# Train BonDNet 

In this notebook, we show how to train the BonDNet graph neural network model for bond dissociation energy (BDE) prediction. We only show how to train on CPUs. See [train_bde_distributed.py](./) for a script for training on GPUs (a single GPU or distributed training on multiple GPUs). 

In [1]:
import torch
import time 
import pandas as pd 
from torch.nn import MSELoss
from bondnet.data.dataset import ReactionNetworkDataset, ReactionNetworkDatasetGraphs
from bondnet.data.dataloader import DataLoaderReactionNetwork
from bondnet.data.featurizer import (
    AtomFeaturizerMinimum, BondAsNodeFeaturizerMinimum, 
    GlobalFeaturizer, BondAsNodeFeaturizerFull,
    AtomFeaturizerGraph, BondAsNodeGraphFeaturizer, GlobalFeaturizerGraph,
)
from bondnet.data.grapher import HeteroMoleculeGraph, HeteroCompleteGraphFromPandas, HeteroCompleteGraphFromDGLAndPandas
from bondnet.data.dataset import train_validation_test_split
from bondnet.model.gated_reaction_network import GatedGCNReactionNetwork
from bondnet.scripts.create_label_file import read_input_files
from bondnet.model.metric import WeightedL1Loss
from bondnet.utils import seed_torch
from torchsummary import summary

  from .autonotebook import tqdm as notebook_tqdm
Using backend: pytorch


In [2]:
print(torch.__version__)

1.6.0


## Dataset 

We work with a small dataset consisting of 200 BDEs for netural and charged molecules.

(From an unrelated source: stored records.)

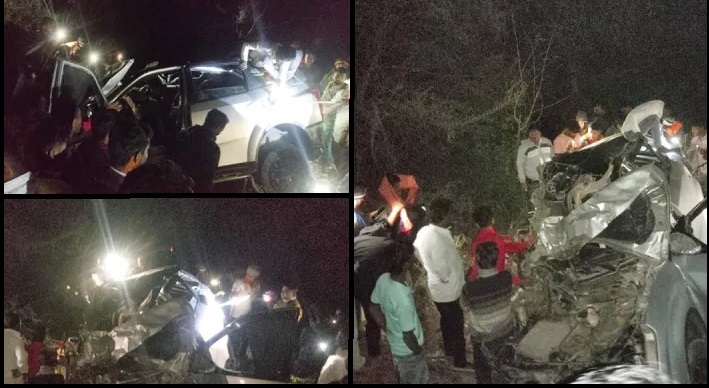 महाराष्ट्र के सोलापुर जिले के तुलजापुर में देवदर्शन के लिए निकले एक परिवार की खुशी कुछ ही मिनटों में मातम में बदल गई। देर रात बार्शी तहसील के पांगरी गांव में कार और ट्रक की जोरदार टक्कर में 5 लोगों की मौके पर ही मौत हो गई, जबकि चार दिन पहले शादी किए नवदंपति गंभीर रूप से घायल हो गए।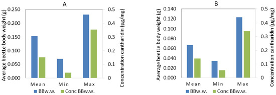 Graphical discriptive statistics for blister beetle wet body weight (BBw.w., blue bars) and concentration of cantharidin per Bw.w. (Conc BBw.w., green bar) in blister beetles: (A) M. variabilis (n = 17) and (B) Epicauta rufidorsum (n = 36). Mean: average value; Min: minimum value, Max: maximum value.
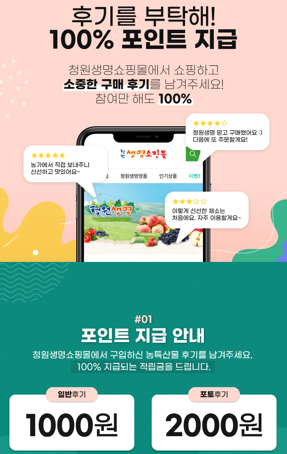 시 관계자는 “포인트 지급 이벤트는 청원생명쇼핑몰을 통해 저렴하게 농산물을 구입하는 소비자뿐만 아니라 생산자에게도 큰 힘이 될 수 있을 것으로 기대한다”며 “유통환경 변화에 맞춰 다양한 품목을 입점하고 더 활발한 이벤트를 추진해 농가와 소비자가 상생할 수 있는 농산물 유통 플랫폼을 만들어 가겠다”고 말했다.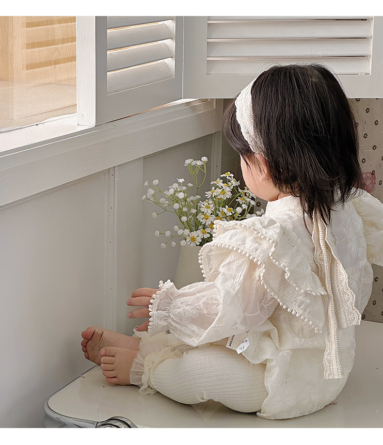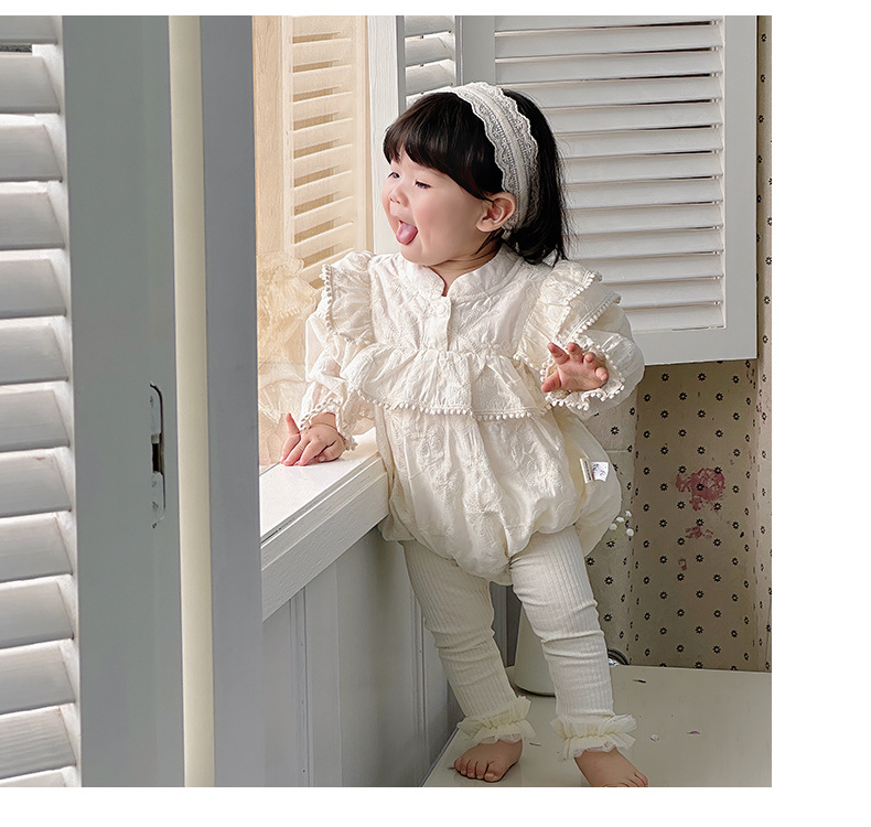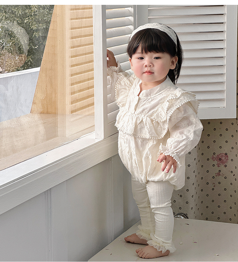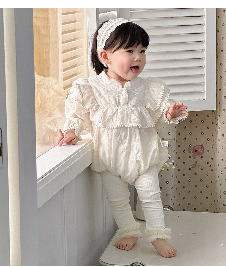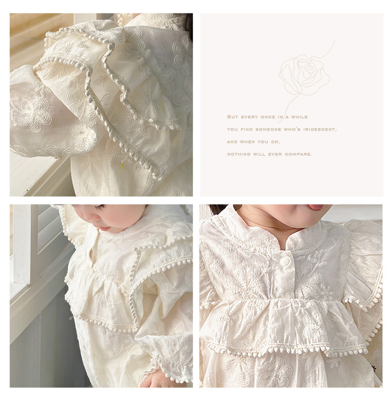 INS 2024 primavera niña bebé cien días princesa mameluco vestido de manga voladora de encaje niña bebé abrigo de manga larga

The dataset is specified in three files:
- `molecules.sdf` This file contains all the molecules (both reactants and products) in the bond dissociation reactions. The molecules are specified in SDF format. 
- `molecule_attributes.yaml` This file contains extra molecular attributes (charges here) for molecules given in `molecules.sdf`. Some molecular attributes can be inferred from its SDF block, and they are overrode by the attributes specified in the `molecule_attributes.yaml` file.  
- `reactions.csv` This file list the bond dissociation reations formed by the molecules given in `molecules.sdf`. Each line lists the reactant, products, and BDE of a reaction. The reactant and products are specified by their index in `molecules.sdf`. 

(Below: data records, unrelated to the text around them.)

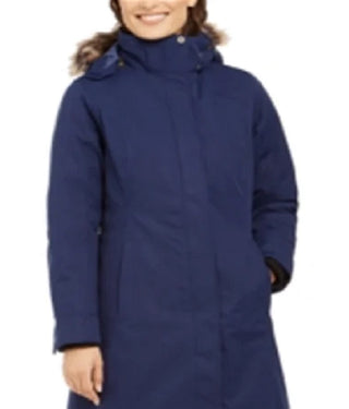 Marmot Women's Hooded Faux Fur Trim Coat Blue Size Medium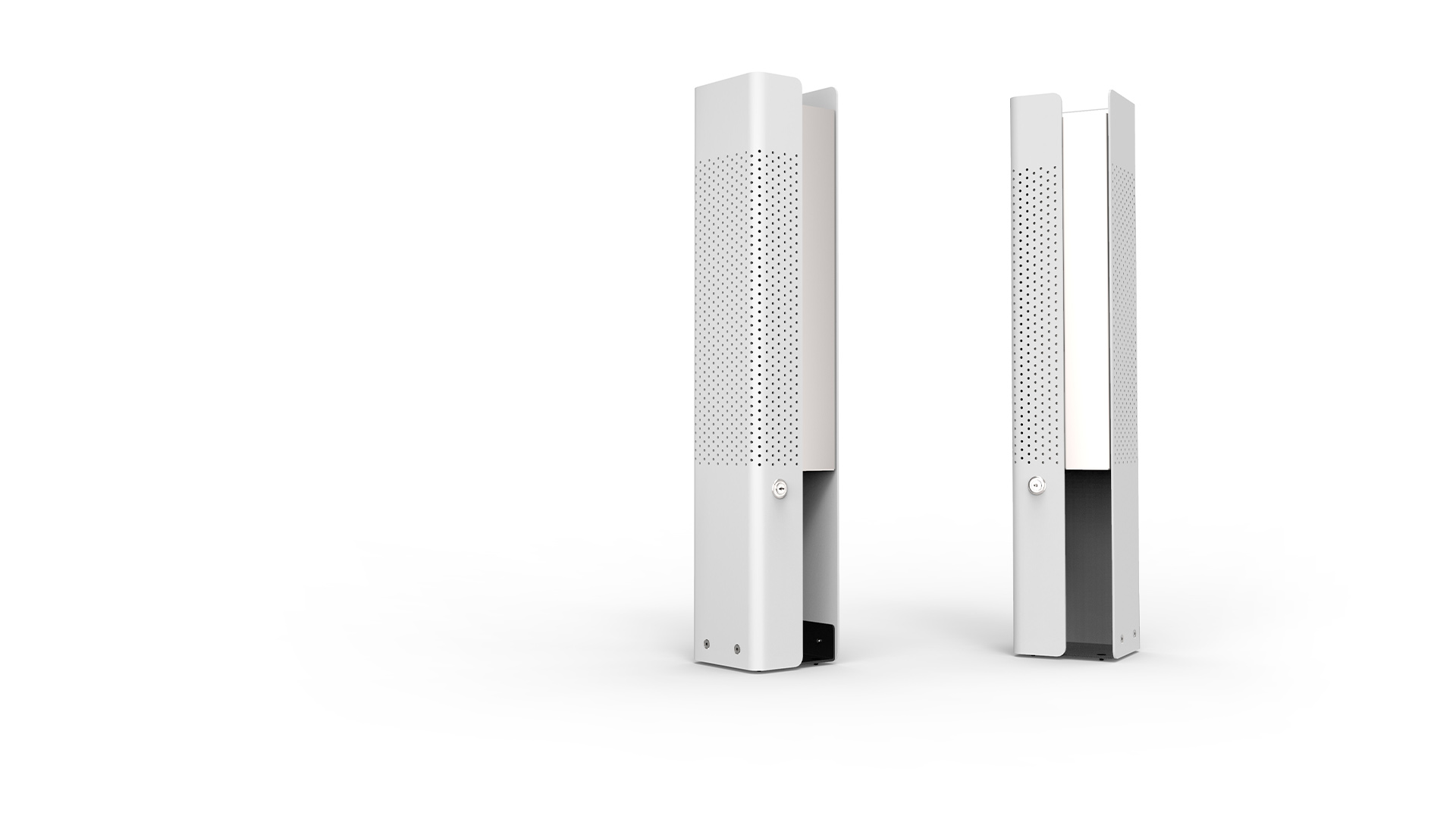 Construido en chapa perforada, se adapta fácilmente a las necesidades de cualquier espacio, ofreciendo una solución funcional, moderna y durable. Su diseño minimalista permite integrarlo de manera armónica con otros elementos de mobiliario urbano, manteniendo una estética uniforme y contemporánea.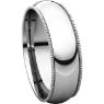 Milgrain Comfort Fit Wedding Band. Rounded surface against the finger, domed surface away from the finger, with narrow beaded edges.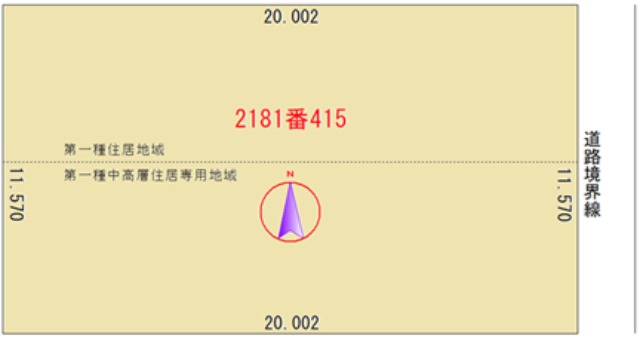 | 用途地域 | 第一種中高層住居専用地域・第一住居地域(またがり) |
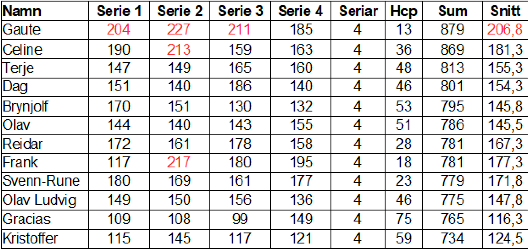 Tolv spelarar i romjuls/månadscupen. Det vart ein kamp mellom undomane der Gaute trakk det lengste strået 10 pinnar framom Celine.

See [here](./examples/train) for the three files used in this notebook. 

#### Grapher 

BondNet is graph neutral network model that takes atom features (e.g. atom type), bond features (e.g. whether a bond is in a ring), and global features (e.g. total charge) as input. We extract the features for a molecule using a grapher.

In [3]:
def get_grapher():
    atom_featurizer = AtomFeaturizerMinimum()
    #bond_featurizer = BondAsNodeFeaturizerMinimum()
    #global_featurizer = GlobalFeaturizer(allowed_charges=[-2, -1, 0, 1])
    #grapher = HeteroMoleculeGraph(atom_featurizer, bond_featurizer, global_featurizer)
    
    atom_featurizer = AtomFeaturizerGraph()
    bond_featurizer = BondAsNodeGraphFeaturizer()
    global_featurizer = GlobalFeaturizerGraph(allowed_charges=[-2, -1, 0, 1])
    grapher = HeteroCompleteGraphFromDGLAndPandas(
        atom_featurizer, bond_featurizer, global_featurizer)
    return grapher

get_grapher()

<bondnet.data.grapher.HeteroCompleteGraphFromDGLAndPandas at 0x7fdf90243710>

#### Read dataset 

Let's now read the dataset and featurize the molecules using the above defined grapher. The dataset is split into a training set (80%), validation set (10%), and test set (10%). We will train our model using the training set, stop the training using the validation set, and report error on the test set. 

In [4]:
seed_torch()
path_mg_data = "/home/santiagovargas/Documents/Dataset/mg_dataset/"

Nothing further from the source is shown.